A inteligência artificial (IA) já entrou no mercado de trabalho brasileiro.
Entrou nas empresas, nos escritórios, nas rotinas administrativas, no
atendimento, nas análises, nos relatórios e até em atividades que, até pouco
tempo atrás, pareciam protegidas pela formação universitária. O problema é que
o Brasil continua debatendo esse tema como quem comenta uma tendência futura,
quando na prática a mudança já começou.
Há um erro recorrente nessa discussão. Fala-se demais sobre máquinas
substituindo pessoas, como se esse fosse o centro da questão. Não é. O ponto
mais grave é outro: o país não está formando trabalhadores na velocidade
exigida por essa transformação. A tecnologia avançou. A qualificação, não.
A IA não elimina apenas funções simples e repetitivas. Ela também reduz tempo,
enxuga etapas, redistribui tarefas e muda o perfil de quem continua sendo
necessário dentro das organizações. Em muitos casos, o emprego não desaparece
por completo, mas passa a exigir competências que o trabalhador não teve oportunidade
de desenvolver. É aí que mora o risco real.
No Brasil, esse impacto tende a ser ainda mais duro porque ele encontra um
mercado de trabalho já marcado por fragilidades antigas: informalidade elevada,
baixa produtividade, desigualdade educacional e dificuldade histórica de
conectar ensino e necessidade econômica real. Em um país assim, toda grande
transformação tecnológica corre o risco de beneficiar poucos e deslocar muitos.
É claro que a inteligência artificial também pode gerar ganhos importantes.
Pode aumentar produtividade, melhorar serviços, reduzir desperdícios e abrir
espaço para novos negócios. Seria um erro enxergá-la apenas como ameaça. Mas
também seria ingenuidade tratá-la como solução automática. Tecnologia, sozinha,
não corrige atraso estrutural. Em alguns casos, ela apenas o escancara.
O debate sério, portanto, não deveria ser se a IA vai acabar com o trabalho.

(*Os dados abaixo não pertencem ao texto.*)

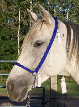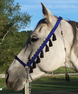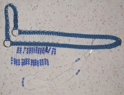 | Solid Royal Blue Halter Silver beads/hardware Matching fringe on the cheeks Sale Price: $28.00 Price with matching lead and chain: $50.00 |
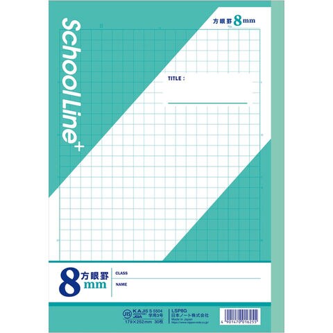 【送料無料】【5冊セット】 学習帳 スクールラインプラス セミB5 8mm方眼罫 グリーン LSP8G 小学4年/5年/6年生 授業 勉強 - メール便発送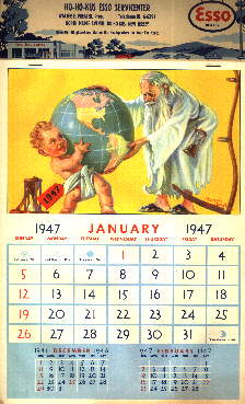 Collecting calendars is an inexpensive way to acquire and appreciate the art of prominent illustrators. They also make wonderful birthday gifts, as well as beautiful decorative elements in any room.Item#CAL92: ESSO CALENDAR 1947. Signed by the artist, Russell Sawbrook, each page of this calendar contains a beautiful and colorful illustration, suitable for framing. One is more wonderful than the next! Advertising for New Jersey Esso station. Slight foxing around border. Measures 8.5 inches by 14.5 inches (top margin doesn't show in picture - it wouldn't fit in the scanner). A fabulous calendar! SOLD.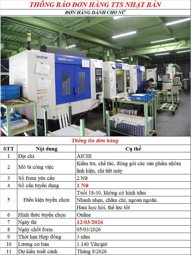 TUYỂN DỤNG ĐƠN HÀNG GIA CÔNG KIM LOẠI – NỮ THÁNG 03/2020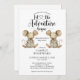 Que a aventura comece o convite de chá de fraldas de gêmeos brancos, com ilustração de elefantes para bebês neutros em termos de gênero. Tipografia de script de caligrafia.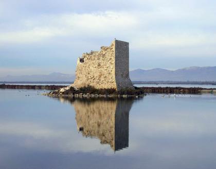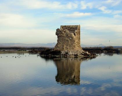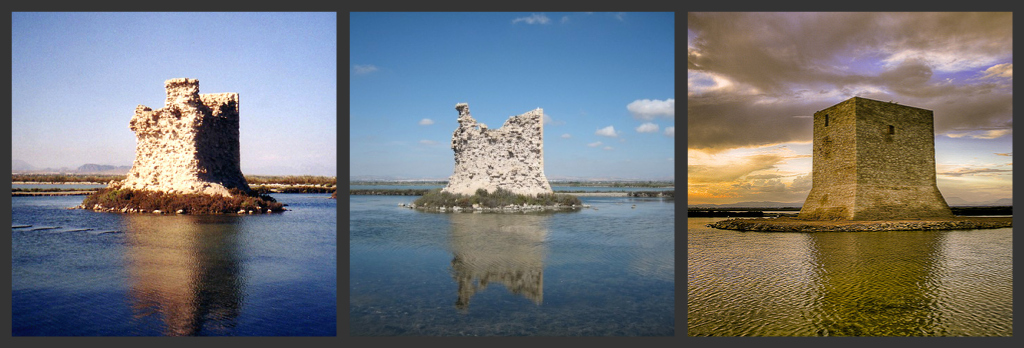 Construida en 1552. Torre de defensa costera, complementaria del castillo de Santa Pola. Su función es facilitar la comunicación entre el castillo de Santa Pola y la torre de Pinet, ya que se encuentra situada en las salinas, entre ambas fortificaciones.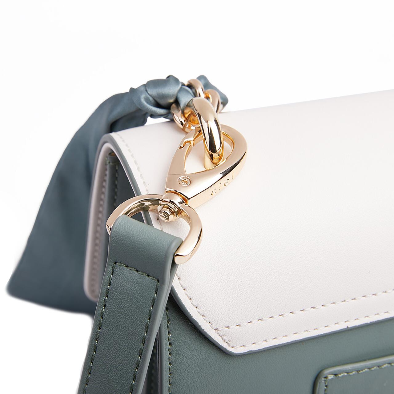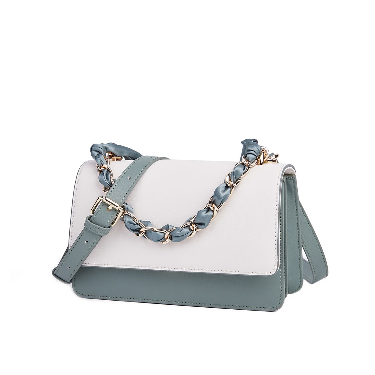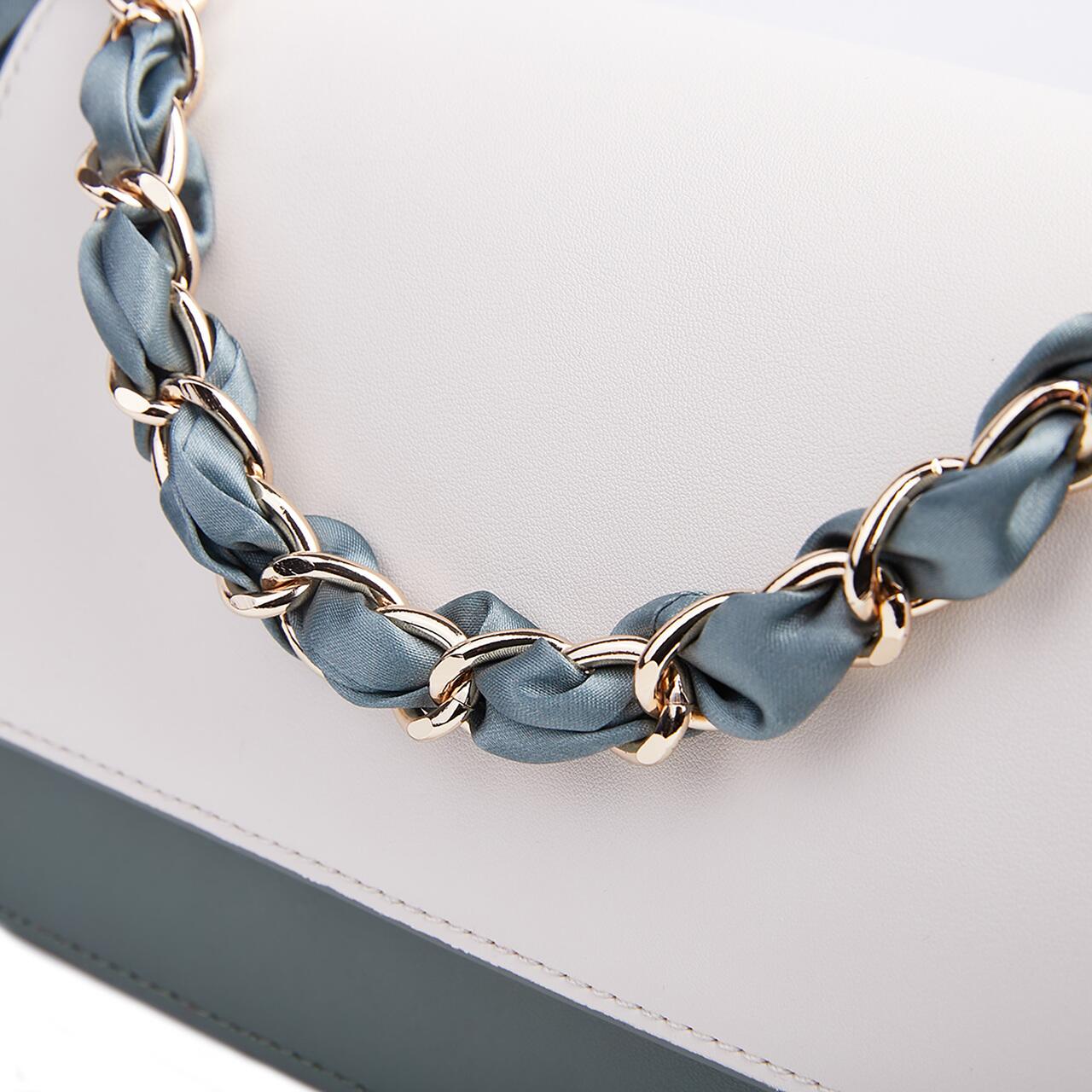 La cadena desmontable con inserto de satén le aporta un aire femenino y personal, y su silueta geométrica define el estilo, tanto al hombro como en la mano.

Deveria ser como o Brasil pretende evitar que essa transição amplie ainda mais
a distância entre quem tem repertório para acompanhar a mudança e quem será
simplesmente empurrado para fora dela.
Sem política pública consistente, sem requalificação em escala e sem uma
discussão menos superficial sobre educação e produtividade, o país corre o
risco de repetir um velho padrão: consumir inovação produzida por outros sem
construir capacidade própria para transformar isso em desenvolvimento.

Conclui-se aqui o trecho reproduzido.